■ Given information
--- --- ---
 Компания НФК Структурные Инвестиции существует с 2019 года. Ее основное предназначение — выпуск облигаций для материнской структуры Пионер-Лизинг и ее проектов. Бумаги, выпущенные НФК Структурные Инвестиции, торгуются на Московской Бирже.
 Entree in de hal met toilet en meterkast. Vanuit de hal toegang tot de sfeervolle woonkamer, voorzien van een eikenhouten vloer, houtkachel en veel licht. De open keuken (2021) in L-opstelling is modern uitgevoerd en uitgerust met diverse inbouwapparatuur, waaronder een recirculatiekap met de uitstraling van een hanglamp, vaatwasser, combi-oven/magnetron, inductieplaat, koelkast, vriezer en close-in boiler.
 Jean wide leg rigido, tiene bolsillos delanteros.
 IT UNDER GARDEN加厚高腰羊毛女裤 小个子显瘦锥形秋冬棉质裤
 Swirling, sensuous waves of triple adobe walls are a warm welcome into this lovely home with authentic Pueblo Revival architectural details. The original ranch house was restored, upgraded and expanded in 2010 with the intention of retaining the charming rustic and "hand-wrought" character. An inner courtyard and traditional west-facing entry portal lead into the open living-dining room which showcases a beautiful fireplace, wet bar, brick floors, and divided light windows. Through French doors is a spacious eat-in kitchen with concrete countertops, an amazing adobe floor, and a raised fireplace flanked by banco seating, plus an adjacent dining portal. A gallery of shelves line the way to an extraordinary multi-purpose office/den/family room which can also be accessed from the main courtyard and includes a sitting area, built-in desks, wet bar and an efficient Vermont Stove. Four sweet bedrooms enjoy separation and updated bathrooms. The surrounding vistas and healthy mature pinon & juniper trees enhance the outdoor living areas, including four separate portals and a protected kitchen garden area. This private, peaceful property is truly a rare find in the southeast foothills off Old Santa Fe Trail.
--- --- ---
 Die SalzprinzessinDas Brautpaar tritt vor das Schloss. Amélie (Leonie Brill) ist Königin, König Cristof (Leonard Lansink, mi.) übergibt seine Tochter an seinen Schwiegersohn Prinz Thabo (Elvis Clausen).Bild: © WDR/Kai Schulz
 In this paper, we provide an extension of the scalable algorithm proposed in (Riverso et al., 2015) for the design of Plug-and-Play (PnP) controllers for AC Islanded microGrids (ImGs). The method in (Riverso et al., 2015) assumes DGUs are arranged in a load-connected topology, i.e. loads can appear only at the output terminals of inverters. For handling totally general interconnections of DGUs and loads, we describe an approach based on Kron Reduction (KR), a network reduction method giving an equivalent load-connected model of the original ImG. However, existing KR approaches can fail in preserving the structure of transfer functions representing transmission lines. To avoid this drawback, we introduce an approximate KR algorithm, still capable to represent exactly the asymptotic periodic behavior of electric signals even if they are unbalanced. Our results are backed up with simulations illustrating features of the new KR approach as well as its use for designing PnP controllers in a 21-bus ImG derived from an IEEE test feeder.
--- --- ---
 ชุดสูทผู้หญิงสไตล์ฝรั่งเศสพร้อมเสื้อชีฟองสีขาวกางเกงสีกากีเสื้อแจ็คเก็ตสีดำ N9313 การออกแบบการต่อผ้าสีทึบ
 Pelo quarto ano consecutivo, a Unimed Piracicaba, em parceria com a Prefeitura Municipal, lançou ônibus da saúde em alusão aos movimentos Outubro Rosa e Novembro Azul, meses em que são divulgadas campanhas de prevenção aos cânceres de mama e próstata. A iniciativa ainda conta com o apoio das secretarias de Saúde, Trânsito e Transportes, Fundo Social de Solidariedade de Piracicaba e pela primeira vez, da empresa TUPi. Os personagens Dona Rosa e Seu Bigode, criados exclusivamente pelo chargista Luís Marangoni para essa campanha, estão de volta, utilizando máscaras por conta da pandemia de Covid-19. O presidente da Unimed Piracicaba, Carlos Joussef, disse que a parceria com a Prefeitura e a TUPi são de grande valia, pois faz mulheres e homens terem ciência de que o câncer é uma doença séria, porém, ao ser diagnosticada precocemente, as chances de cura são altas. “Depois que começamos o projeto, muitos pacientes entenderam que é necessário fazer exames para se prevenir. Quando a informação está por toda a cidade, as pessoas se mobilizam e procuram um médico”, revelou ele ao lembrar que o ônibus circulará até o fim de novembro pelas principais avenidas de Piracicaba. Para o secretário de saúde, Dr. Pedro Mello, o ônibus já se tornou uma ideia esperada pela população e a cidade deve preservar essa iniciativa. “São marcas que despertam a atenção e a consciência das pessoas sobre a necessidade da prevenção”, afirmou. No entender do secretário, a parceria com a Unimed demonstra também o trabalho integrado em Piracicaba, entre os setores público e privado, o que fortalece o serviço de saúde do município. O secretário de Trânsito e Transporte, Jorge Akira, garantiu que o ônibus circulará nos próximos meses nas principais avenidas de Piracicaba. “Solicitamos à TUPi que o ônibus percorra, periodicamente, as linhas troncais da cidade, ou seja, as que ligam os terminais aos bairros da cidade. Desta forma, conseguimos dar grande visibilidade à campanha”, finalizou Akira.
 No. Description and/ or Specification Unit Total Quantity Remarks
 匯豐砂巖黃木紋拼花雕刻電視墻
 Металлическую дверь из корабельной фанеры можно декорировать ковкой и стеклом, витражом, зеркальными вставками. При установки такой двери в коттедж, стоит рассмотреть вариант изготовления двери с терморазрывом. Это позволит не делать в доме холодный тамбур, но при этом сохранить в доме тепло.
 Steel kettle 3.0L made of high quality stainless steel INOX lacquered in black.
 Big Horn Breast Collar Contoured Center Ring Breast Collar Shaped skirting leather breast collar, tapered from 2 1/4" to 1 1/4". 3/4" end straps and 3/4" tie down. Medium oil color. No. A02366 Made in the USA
--- --- ---
■ Exercise details
Return, unchanged, the run of lines above that opens with the line containing "No. Description and/" and closes with the line containing "Big Horn Breast". Include both.

■ Answer to this problem
 No. Description and/ or Specification Unit Total Quantity Remarks
 匯豐砂巖黃木紋拼花雕刻電視墻
 Металлическую дверь из корабельной фанеры можно декорировать ковкой и стеклом, витражом, зеркальными вставками. При установки такой двери в коттедж, стоит рассмотреть вариант изготовления двери с терморазрывом. Это позволит не делать в доме холодный тамбур, но при этом сохранить в доме тепло.
 Steel kettle 3.0L made of high quality stainless steel INOX lacquered in black.
 Big Horn Breast Collar Contoured Center Ring Breast Collar Shaped skirting leather breast collar, tapered from 2 1/4" to 1 1/4". 3/4" end straps and 3/4" tie down. Medium oil color. No. A02366 Made in the USA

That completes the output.